■ BRIEF ■
Wherever a picture appears in the listing, leave it out, and copy the rest exactly.

■ GIVEN DATA ■
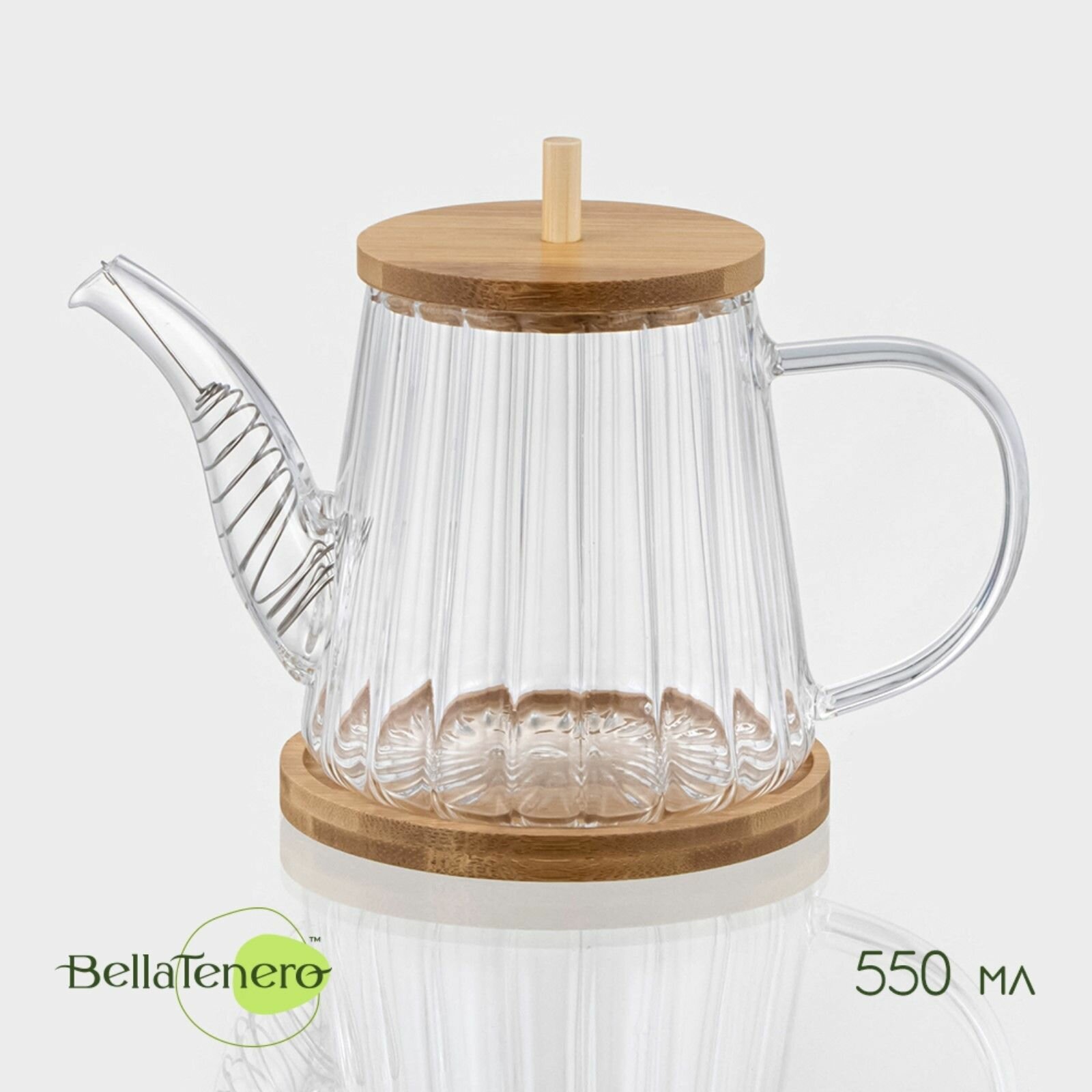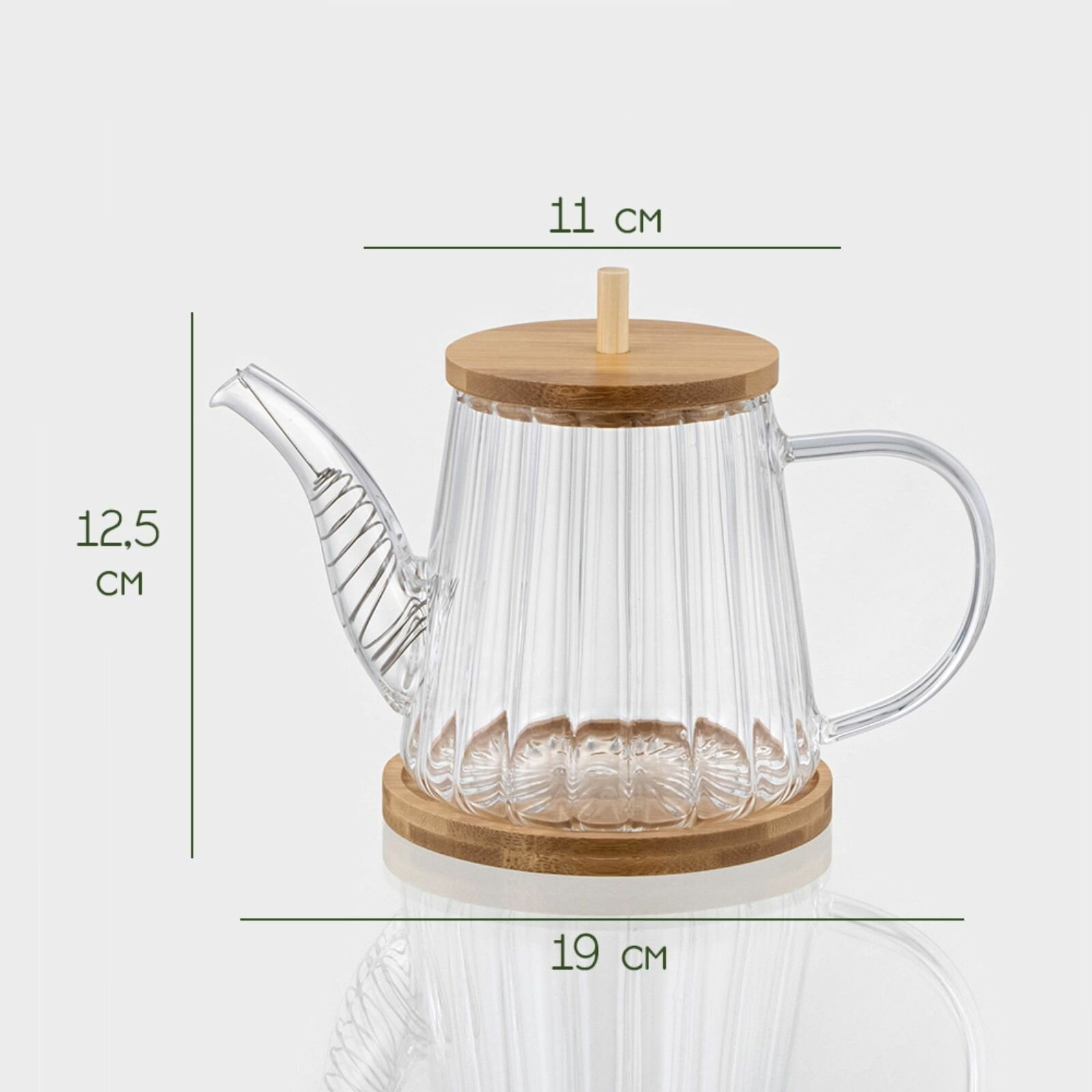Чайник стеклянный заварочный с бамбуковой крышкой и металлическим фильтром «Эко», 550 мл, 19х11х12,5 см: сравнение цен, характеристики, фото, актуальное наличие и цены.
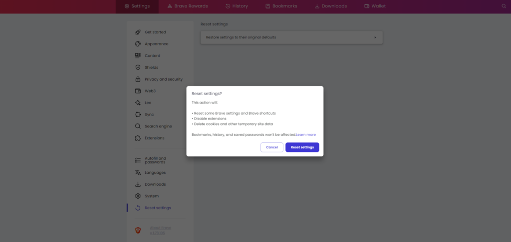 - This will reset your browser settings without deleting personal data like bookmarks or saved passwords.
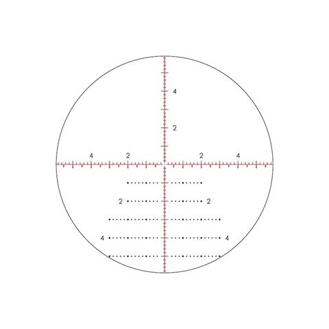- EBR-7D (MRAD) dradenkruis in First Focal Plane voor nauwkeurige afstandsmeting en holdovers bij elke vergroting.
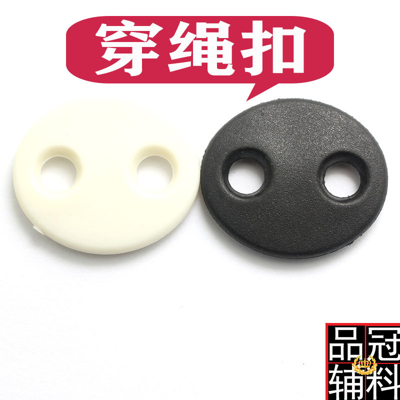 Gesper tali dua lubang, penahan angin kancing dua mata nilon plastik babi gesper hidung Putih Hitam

■ YOUR RESPONSE ■
Чайник стеклянный заварочный с бамбуковой крышкой и металлическим фильтром «Эко», 550 мл, 19х11х12,5 см: сравнение цен, характеристики, фото, актуальное наличие и цены.
 - This will reset your browser settings without deleting personal data like bookmarks or saved passwords.
- EBR-7D (MRAD) dradenkruis in First Focal Plane voor nauwkeurige afstandsmeting en holdovers bij elke vergroting.
 Gesper tali dua lubang, penahan angin kancing dua mata nilon plastik babi gesper hidung Putih Hitam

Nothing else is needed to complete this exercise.